Murray Richard E, Ryan Patrick B, Reisinger Stephanie J
United BioSource Corporation, Harrisburg, PA, USA.
AMIA Annu Symp Proc. 2011;2011:1176-85. Epub 2011 Oct 22.
Evaluating performance characteristics of analytic methods developed to identify treatment effects in longitudinal healthcare data has been hindered by lack of an objective benchmark to measure performance. Relationships between drugs and subsequent treatment effects are not precisely quantified in real-world data, and simulated data offer potential to augment method development by providing data with known, measurable characteristics. However, the use of simulated data has been limited due to its inability to adequately reflect the complexities inherent in real-world databases that are necessary for effective method development. The goal of this study was to develop and evaluate a model for simulating longitudinal healthcare data that adequately captures these complexities. An empiric design was chosen that utilizes the characteristics of a real healthcare database as simulation input. This model demonstrates the potential for simulated data with known characteristics to adequately reflect complex relationships among diseases and treatments as recorded in healthcare databases.
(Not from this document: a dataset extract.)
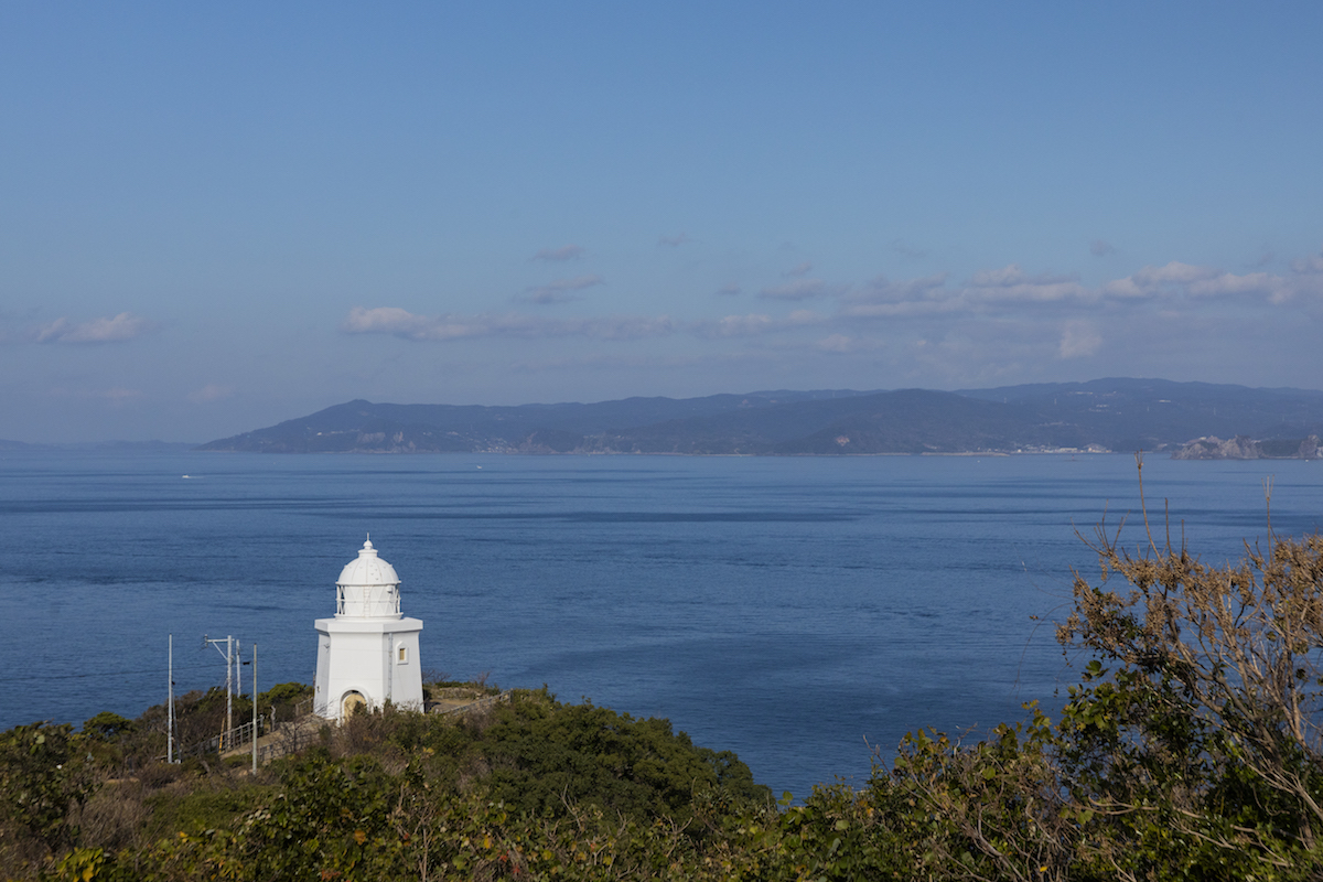 島の北側にある伊王島灯台へ向かう途中にある「岬カフェ」では日本茶でひと休み。島内には「i+Land nagasaki」が運営する5つの無人カフェ“島巡りカフェ”が点在し、セルフで入れるコーヒーや日本茶、ハーブティーなども小さな非日常体験(宿泊者は無料)、目の前に広がる景色を独り占めしながらのティーブレイクは最高でした。「岬カフェ」の営業時間は10時~日没。

评估为识别纵向医疗数据中的治疗效果而开发的分析方法的性能特征,一直因缺乏衡量性能的客观基准而受到阻碍。在真实世界数据中,药物与后续治疗效果之间的关系并未得到精确量化,而模拟数据通过提供具有已知、可测量特征的数据,为方法开发提供了助力。然而,由于模拟数据无法充分反映有效方法开发所需的真实世界数据库中固有的复杂性,其应用受到了限制。本研究的目的是开发并评估一个用于模拟纵向医疗数据的模型,该模型能够充分捕捉这些复杂性。我们选择了一种经验性设计,利用真实医疗数据库的特征作为模拟输入。该模型证明了具有已知特征的模拟数据有潜力充分反映医疗数据库中记录的疾病与治疗之间的复杂关系。